The Justice Department today blocked Texas’s new voter ID law, which is among the toughest in the country, under Section 5 of the Voting Rights Act, noting that “over 600,000 registered voters do not have either a driver’s license or personal identification card issued by [the Department of Public Safety]—and that a disproportionate share of those registered voters are Hispanic.”
The data provided by the state of Texas on two different occasions shows that Hispanic voters are more likely than white voters to lack the ID now required to cast a ballot. The law was clearly intended to benefit Republicans; for example, a handgun permit is considered an acceptable form of ID but a university ID is not.
That really says something about what the state of Texas values.
For those voters who lack the proper ID, obtaining the correct documentation can be a difficult task. Texas is required to provide a free ID to voters, but an applicant must possess supporting documentation in order to qualify. “If a voter does not possess any of these documents, the least expensive option will be to spend $22 on a copy of the voter’s birth certificate,” DOJ writes. That expenditure can be rightly construed as a poll tax, which the Voting Rights Act of 1965 prohibited.

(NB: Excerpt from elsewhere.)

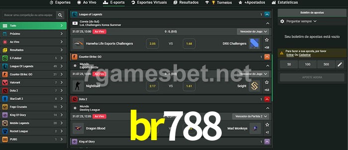 O br788 oferece uma grande seleção de opções de apostas em e-sports com probabilidades competitivas

Moreover, getting that ID from the DMV is not as easy as you’d think. Hispanics in Texas are twice as likely as whites to not have a car. There are DMV offices in only eighty-one of the state’s 254 counties. Not surprisingly, counties with a significant Hispanic population are less likely to have a DMV office, while Hispanic residents in such counties are twice as likely as whites to not have the right ID. “During the legislative hearings, one senator stated that some voters in his district could have to travel up to 176 miles roundtrip in order to reach a driver’s license office,” wrote DOJ.
So, you get a "free" ID, but the cost of obtaining that free ID is pretty high. Paying for a pricey birth certificate, and taking the time off from work to travel hundreds of miles to the DMV is expensive. It seems likely that it's intended to keep folks from getting the "free" ID.
The state hasn't publicized the new law to make voters aware of it, nor have they trained poll workers to handle the changes brought about by the new law.
Meanwhile, the push for Voter ID laws continues around the country. The legislatures in Pennsylvania, Virginia, and NH will all be voting soon on ID laws.
And just to point this out, while Texans can used a concealed handgun permit as an ID at the voting booth, that's not cheap either:
A new permit costs $140, discounted to half price ($70) for seniors and the indigent.
cross-posted at MainSt/workingamerica.org
1 comment:
Viagra and guns being the religion of the GOP share quite Freudian values. And their loud denials of racism prove them to be admissions of fact. This nation is returning itself to the covered oxwagon and war against all that which isn't white, pregnant and underage. It's wise to give up space exploration at this juncture, since we still haven't come to terms with the earth being flat. As for voting, well, women shouldn't be doing that either, isn't that what this is really about? Women and those who are not white like us.